It is not lost on this writer that Oklahoma is one of the most anti-leftist areas in the country, and a good argument can be made possibly the world over. This makes it all the more interesting the Blessed Father Stanley Rother was killed in response to a rabidly anti-leftist government. He undoubtedly had sympathies for the views of the rebels, as he saw the destitution of the areas he oversaw first hand where the elites of Guatemala almost totally ignored them. That said, to any who would question whether he was actually orthodox in his practice and not succumbed in heretical teaching should look to the parish he presided over now, 36 years later. Sixteen years ago, Oklahoma’s role in the Mission in Santiago Atitlan closed, as the local diocese there had finally enough manpower to run it alone. More importantly, in fulfillment of what Tertullian said that from the blood of martyrs blossoms the souls of new Christians, his parish in Santiago

Atitalan, a parish that was over 400 years old when he arrived and had NEVER had a spiritual vocation arise from it in that time, has had nine priests go through seminary since he passed, with eight more in training now. If that is not testament to his true faith, I don’t know what is.

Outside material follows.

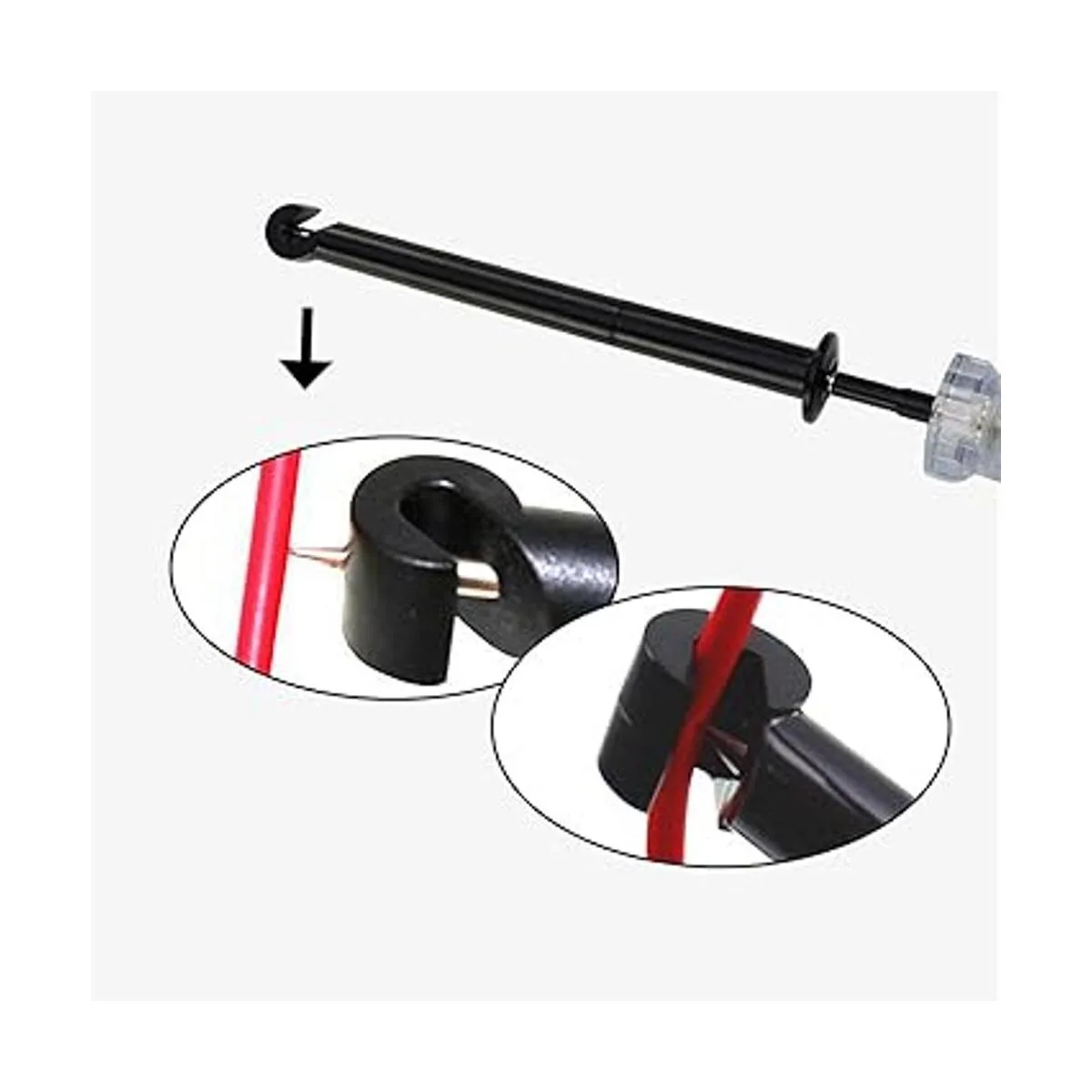 Funcionamiento manos libres: el probador tiene un gancho final para sujetar el cable para liberar tus manos para reducir el tiempo de inactividad y aumentar la productividad; se puede utilizar como una sonda por sí sola quitando la funda de plástico que engancha el cable o como una sonda y gancho que perfora el alambre.

As a young Oklahoman in the present day, many from my hometown of Claremore, and numerous cities and towns across the country, feel that they have no ability to effect meaningful change in their own lives, much less those of others, in either a spiritual realm or more secular one. I would say to them, and to myself, that Father Rother is a perfect example of how wrong that thinking really is.

He came from a totally normal background like millions of others of his time, but he chose a path to make a difference to tens of thousands in an area of the world ignored by virtually everyone who materially “mattered”, and made a thriving community out of virtually nothing.

It is not a conventional path by any means, but his story can be viewed as a fulfillment of the American Dream, but in a much more spiritual sense. Eastern Orthodoxy also has a similar story in Seraphim Rose, who though had different path in getting there, came from conventional beginnings in modern day America to make a big difference in the modern day for many multiple thousands. I would tell Americans of my generation, the Millennials, even from non-Catholic or -Orthodox backgrounds, to not give up hope that they can make a difference. You can discern a path for success, either in this world, or in the next.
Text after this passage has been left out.